_Exercise requirements_.
Transcribe the data verbatim and drop its images.

_Information supplied_.

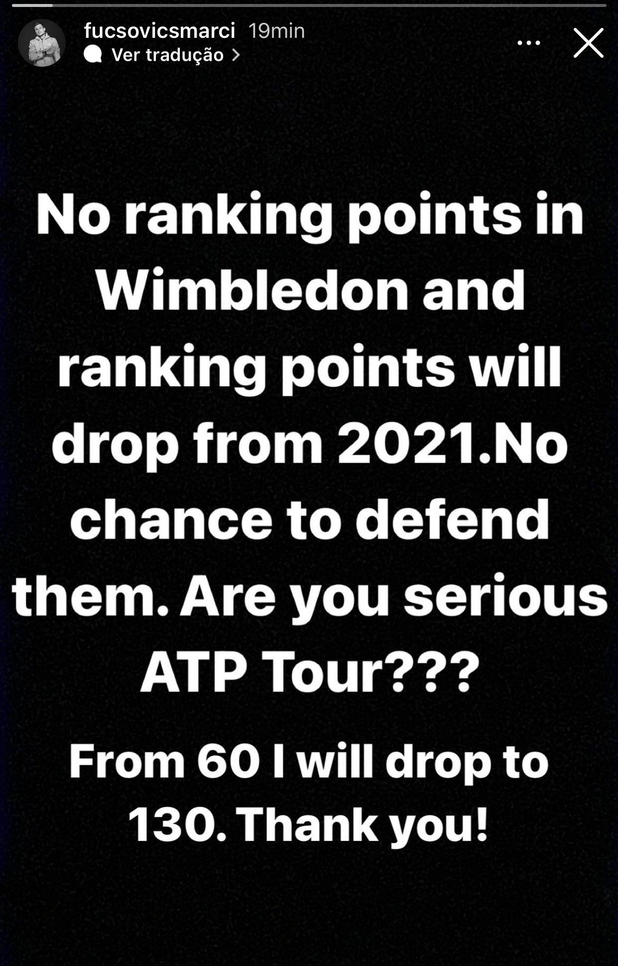“今年温网没有积分也就意味着2021年的积分将全部扣除并且没有机会保住,ATP你是认真地吗?我的排名将从60位跌到130位,真是谢谢你了!”
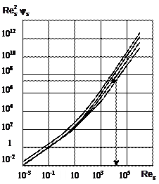 Также для расчета скорости может быть применен графический метод Лященко – Шиллера – Наумана: по формуле (21) рассчитывают первый параметр Лященко
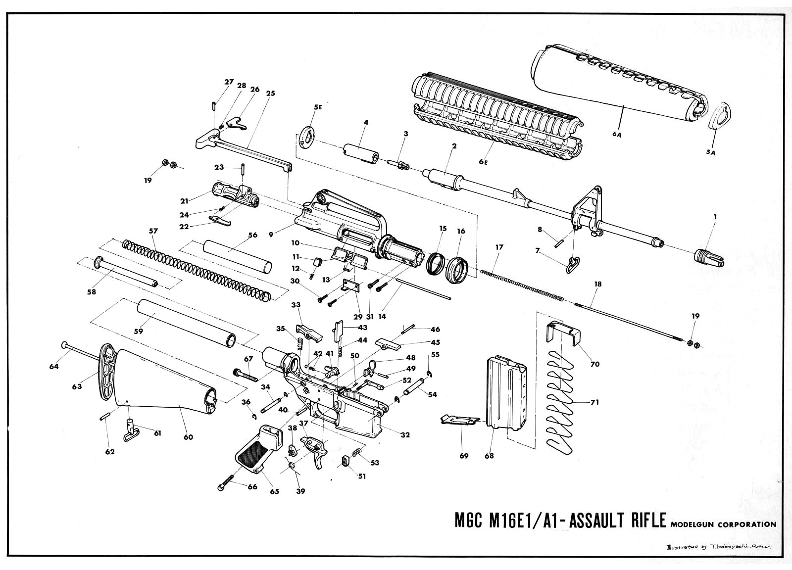 実物のM16 が反動を極力感じさせない作りになっているのに対して、MGC のモデルガンは、全く逆に 反動をなるべく感じるように作られています。ストックの中をおおきく前後するハンマーがそれです。 なかなかグッドアイデアです。

_Exercise result_.
“今年温网没有积分也就意味着2021年的积分将全部扣除并且没有机会保住,ATP你是认真地吗?我的排名将从60位跌到130位,真是谢谢你了!”
 Также для расчета скорости может быть применен графический метод Лященко – Шиллера – Наумана: по формуле (21) рассчитывают первый параметр Лященко
 実物のM16 が反動を極力感じさせない作りになっているのに対して、MGC のモデルガンは、全く逆に 反動をなるべく感じるように作られています。ストックの中をおおきく前後するハンマーがそれです。 なかなかグッドアイデアです。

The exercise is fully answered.